发表于 2016-12-17 10:03:04 | 显示全部楼层 |阅读模式
原文地址http://antirez.com/post/autocomplete-with-redis.html
Hello! This isn't just a blog post, it is actually the Redis weekly update number eight, but we can't tell this to Google: naming posts like Redis Weekly update #... will not play well with Google indexing, so I'm starting to use blog post titles more predictive of what people will actually type into a search engine, in this specific case autocomplete redis, probably.

Too bad that I'm forced to play the game of the SE0 L00z3r, but it's for a good reason. I guess this will also work well when articles are submitted in places like Hacker News, Programming Reddit and so forth. Readers will have a simpler way to tell if they want to actually click or not on the link. Ok... end of the off topic.

I hope the topic of this post will be very interesting for many Redis users, and for many non Redis users that experimented the pain of modeling auto complete for web or mobile applications using a database that is not designed to make this a simple task.

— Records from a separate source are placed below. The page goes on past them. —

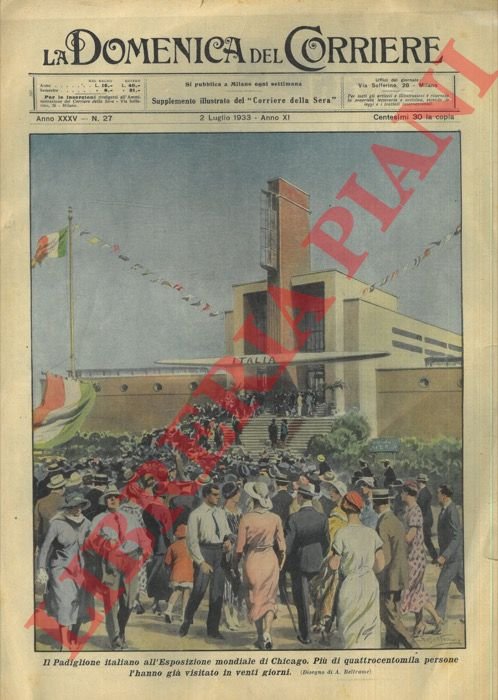 Milano, 2/07/1933, la sola copertina illustrata a colori, senza il fascicolo, della Domenica del Corriere.
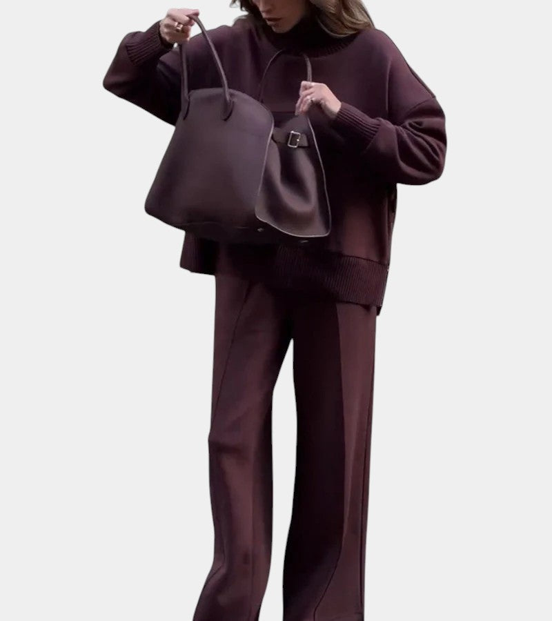 Immagina di affrontare le giornate più fredde avvolta in un completo che combina eleganza e morbidezza. Camilla™ è pensato per offrirti stile senza rinunciare al comfort: il maglione a collo alto con zip laterale dona un tocco moderno e sofisticato, mentre i pantaloni ampi assicurano libertà di movimento e una vestibilità impeccabile.
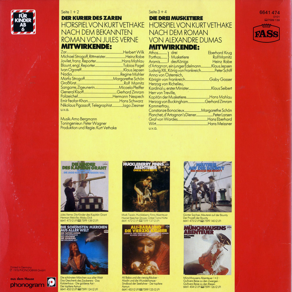 Hallo Mondramoe, BEIDE Hörspiele gibt es auf CD: "Der Kurier des Zaren" von Bella Musica, "Die drei Musketiere" von MARITIM.
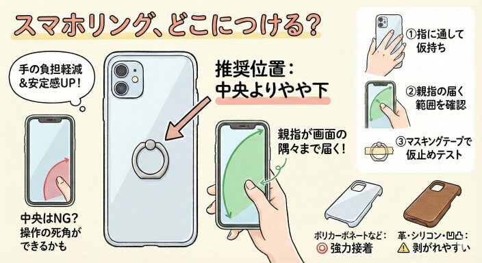 • スマホリングを装着する際、多くのユーザーが「背面の真ん中」という直感的な選択をしがちです。しかし、実はこの「位置」こそが、使い勝手の8割を決めると言っても過言ではありません。
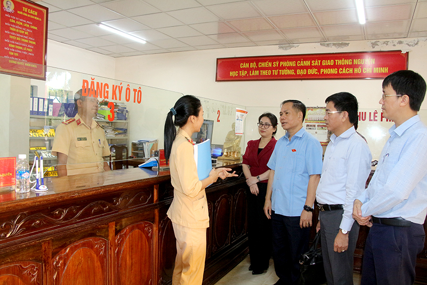 Chiều 11/10/2022, Đoàn Đại biểu Quốc hội (ĐBQH) tỉnh phối hợp Công an tỉnh tổ chức khảo sát, làm việc tại Phòng Cảnh sát Giao thông về dự thảo Nghị quyết thí điểm cấp quyền lựa chọn sử dụng biển số ô tô thông qua đấu giá. Phó Trưởng đoàn Chuyên trách Đoàn ĐBQH Trần Đình Gia và Phó Giám đốc Công an tỉnh Phạm Thanh Phương chủ trì cuộc khảo sát.
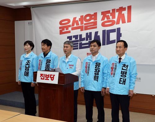 (울산=연합뉴스) 허광무 기자 = 진보당 울산시당은 "내년 총선에서 반윤석열 연대로 정권을 심판하겠다"라고 밝혔다.
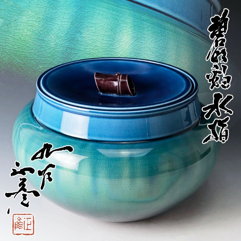 - 【古美味】人間国宝 三代徳田八十吉(正彦) 碧明釉水指 茶道具 保証品 GrA9
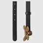 The Queen Margaret line mixes iconic Gucci details with newly established codes. The bee, thought to be a symbol of wisdom and love is enriched by glass pearls and multicolor crystals. The buckle sits on a smooth, classic leather.
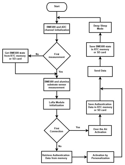 The program running on the LoRa nodes was developed using C language in Arduino IDE from Arduino, Somerville, MA, USA. Once the nodes are powered up, reset, or woken up from deep sleep mode, the first step is to initialise the BME680 sensor and the ADC channel for the resistance measurements of the lab-made sensor. If the microcontroller unit (MCU) is reset or just powered up, the second step is to perform a measurement with the sensors. On the other hand, if the MCU wakes up from deep sleep mode, the previous state (see Figure 4 and hardware description section) of the BME680 sensor should be obtained from the real-time clock (RTC) memory or the SD card, because it will be used for the proper calculation of the IAQ value. When the initialisation of the BME680 sensor is finished, the measurements are performed. Once a measurement is completed, the third step is to initialise the LoRa module with the proper spreading factor and the transmission power to enable the network communication. The fourth step is to establish the connection with the server to send the data. If the node is connected for the first time to the server (after being powered up or reset), it performs a join procedure with the network cloud server through an Over the Air Activation, where a device address is assigned dynamically and security keys (Network Session Key and Application Session Key) are negotiated. After establishing the connection with the server, the device address and the security keys are stored for using them in further connections. Differently, if the MCU awakens from a deep sleep mode, an Activation by Personalisation is performed, using the authentication data stored in memory. In the fifth step, after establishing the connection, sensor data are codified in order to minimise the number of bytes uploaded to the server and then sent to the cloud server. In the sixth step, the BME680 sensor sate is saved in memory. Finally, in the seventh step, the node goes to deep sleep mode until the next sensor measurements. Figure 4 shows the flow diagram of the software running on the nodes.
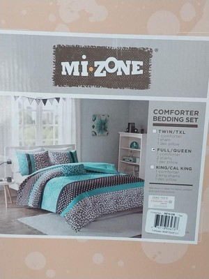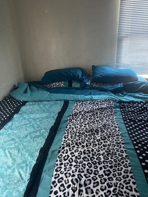 [This review was collected as part of a promotion.] Beautiful, queen size comforter, set. It has some great prints and colors that truly stand out and make a statement in your bedroom. Microfiber comforter is solid turquoise blue on one side, but the other side has a patterned turquoise and white and black cheetah print. It really stands out and looks great in my room. Also comes with two pillow shams and one solid color, turquoise decorative pillow. I love the look and feel of the set. I’ve already washed it in my machine and it did well.
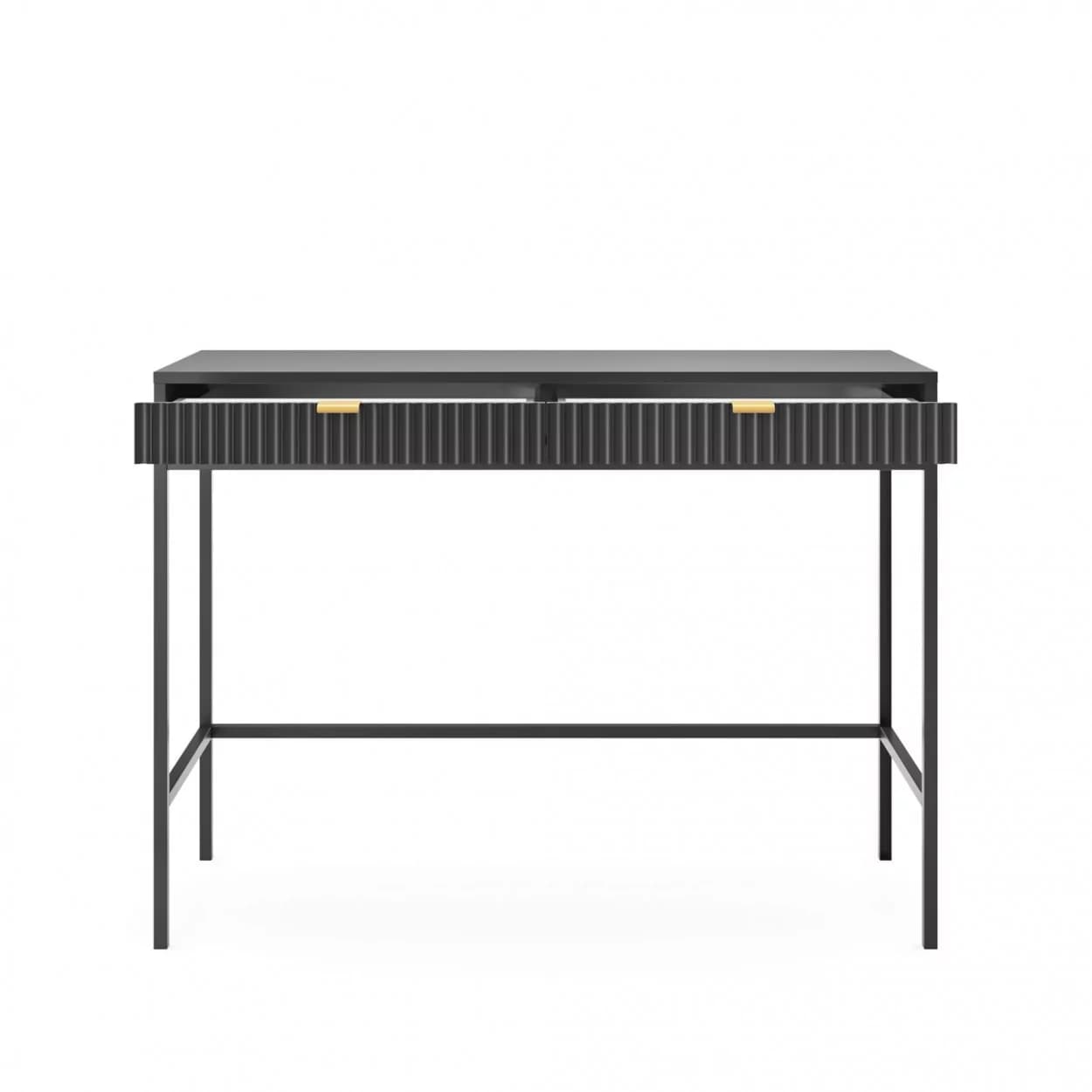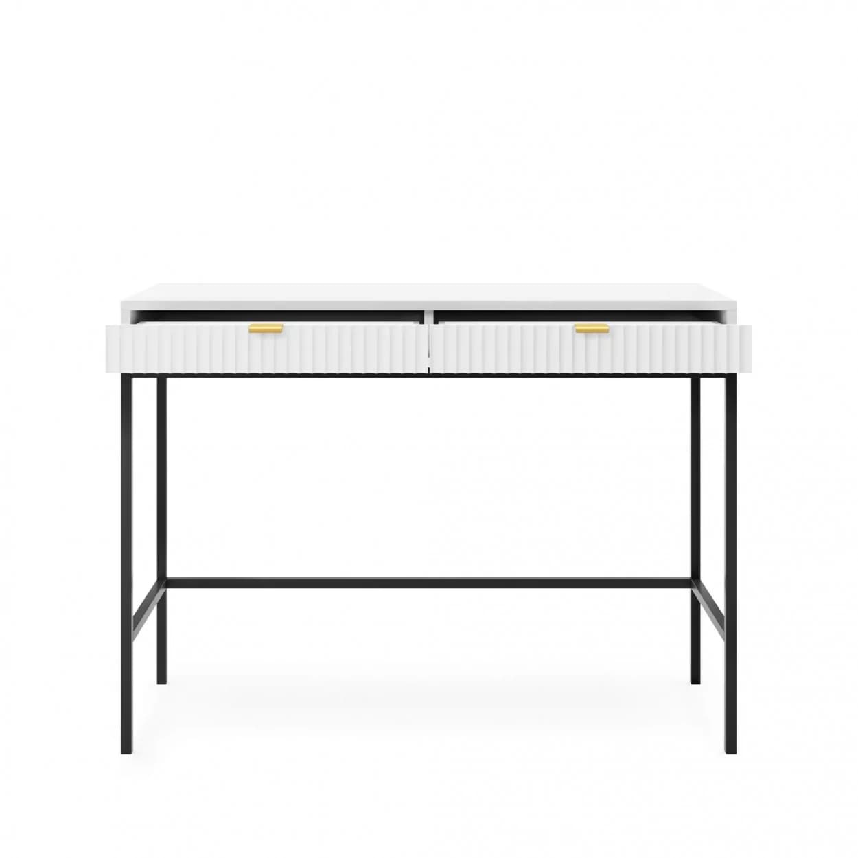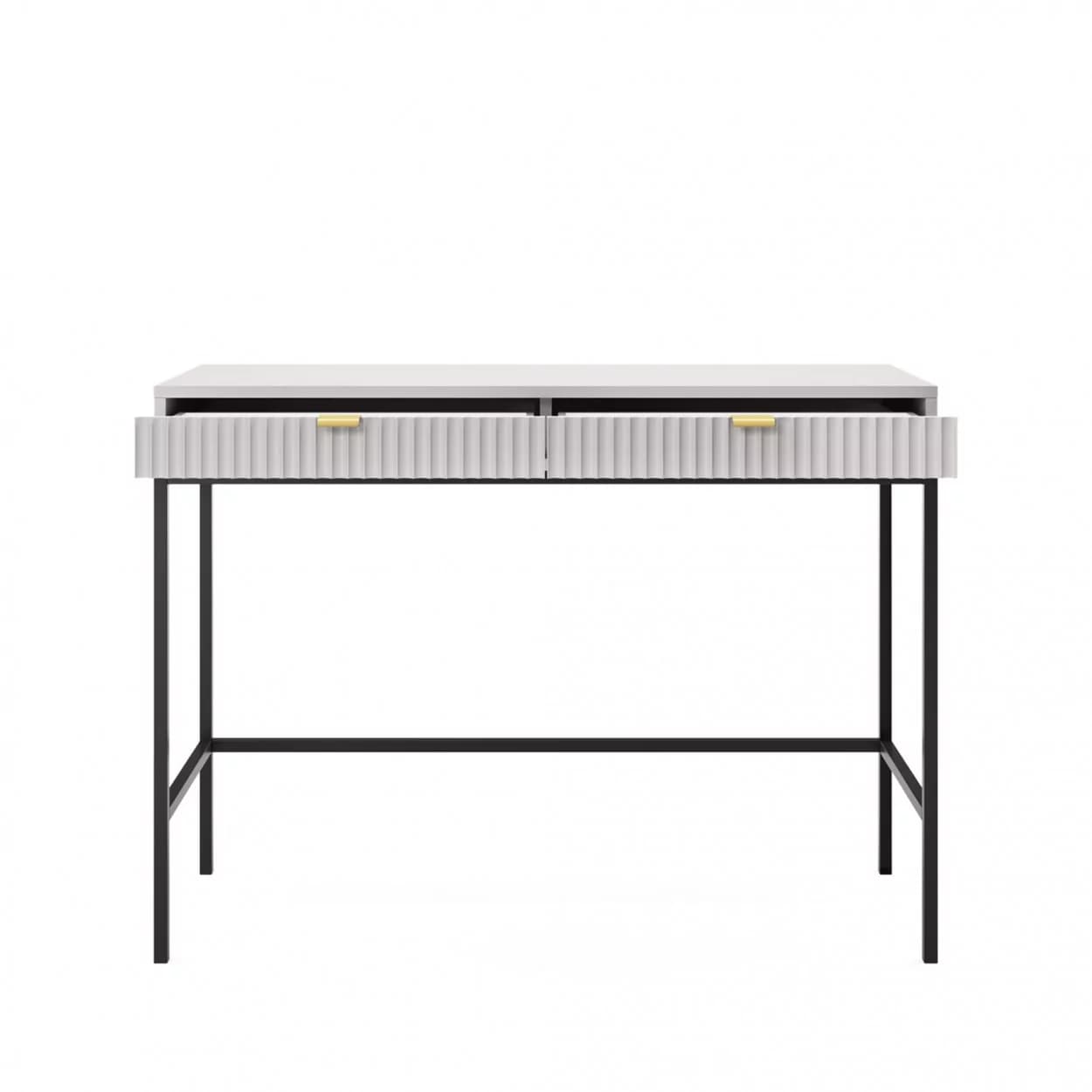 Konsola VESTA dostępna w czterech wariantach kolorystycznych wyróżnia się ryflowanymi frontami i solidnym metalowym stelażem. Wyposażona w dwie pojemne szuflady, łączy elegancję z funkcjonalnością.
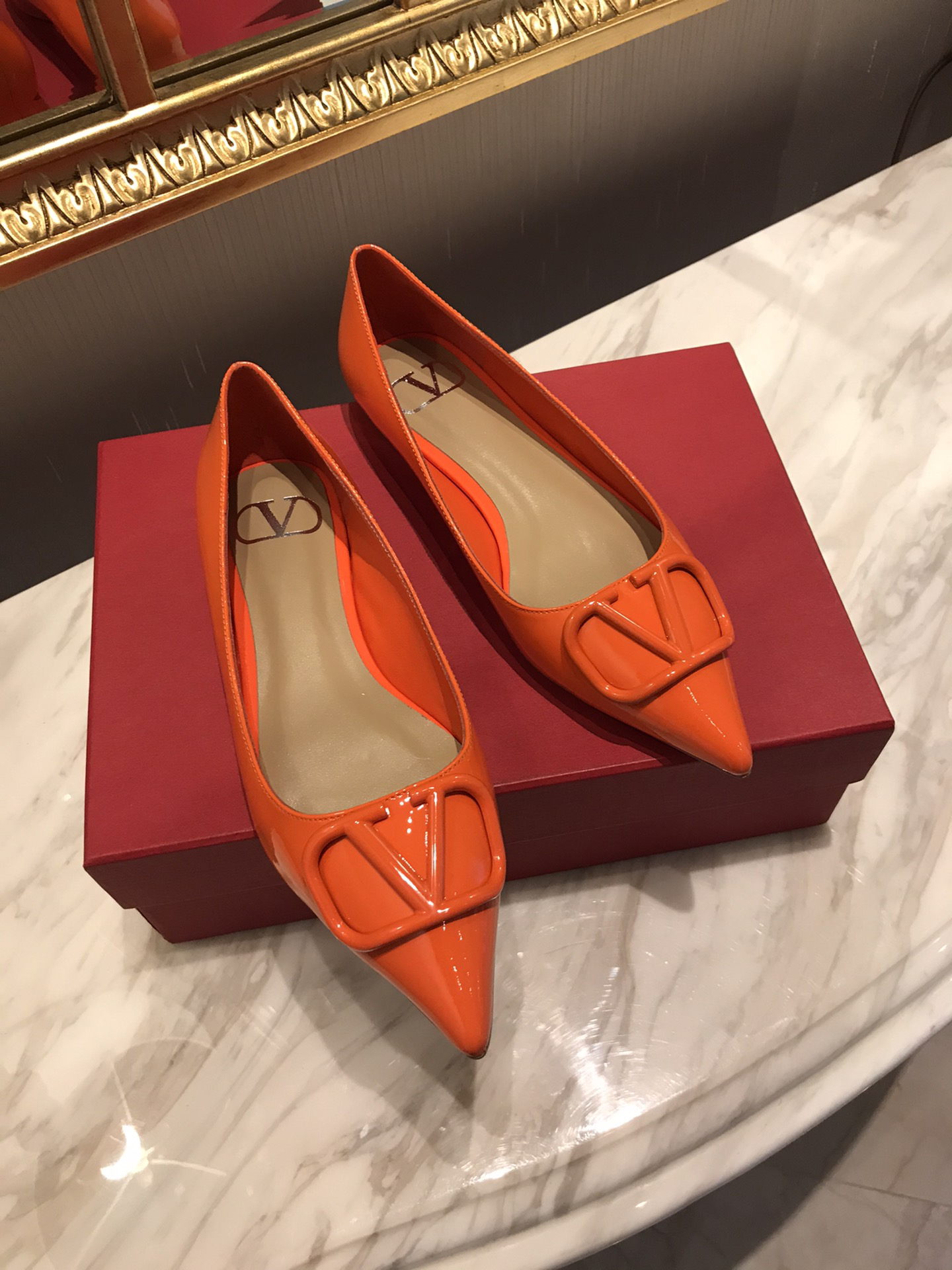 The shoe you see is the Valentino Garavani VLogo iconic patent leather flat.
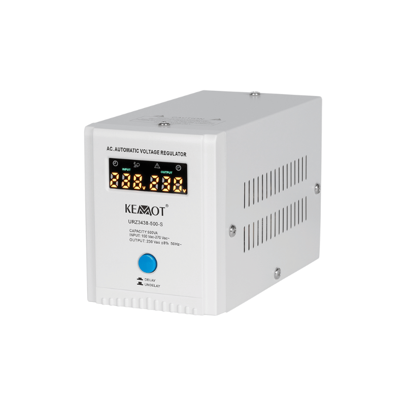 Daca ai nevoie de un stabilizator de tensiune pentru dispozitive cu un curent de pornire instantaneu mare, alege un model echipat cu functia de intarziere la pornire DELAY. KEMOT SER-500-S a fost echipat cu un buton de intarziere la pornire DELAY in intervalul de la 6 la 180 de secunde, care va reduce riscul de deteriorare atunci cand dispozitivele conectate la acesta au un curent de pornire instantaneu mare. In plus, stabilizatorul SER-500-S are protectie impotriva tensiunii prea inalte sau prea scazute, suprasarcina, supraincalzire si scurtcircuit.
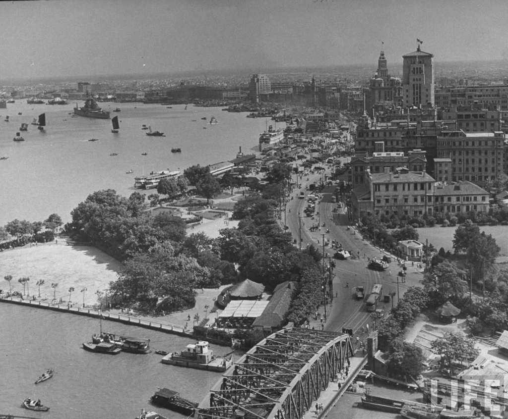 Keywords : Bund;building;river;Huangpu River;ship;boat;car;tree;Public gardens;park;sampan;bridge;flag
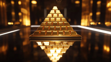 A pyramid of gold bars resting on a mirrored surface, creating a dramatic symmetrical reflection
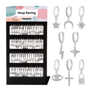 Boucle d’oreille Créole en acier avec pendentifs variés. 8 modèles tendances, tous disponibles avec anneau lisse et pierres. Ce présentoir va parti...

Auto complete is a cool and useful feature for users, but it can be non trivial to implement it with good performances when the set of completions is big.
Simple auto complete

In the simplest auto completion schema you have:
A set of N words, that are in some way notable words that you want to auto complete. This can be for instance the names of the biggest cities in the world in a subscription form, or the most frequent search terms in a search service. We'll try to complete a list of female names. You can find the raw file name here: female-names.txt.
A prefix string, that is, what your user is writing in the input field.
Given the prefix, you want to extract a few words that start with the specified prefix.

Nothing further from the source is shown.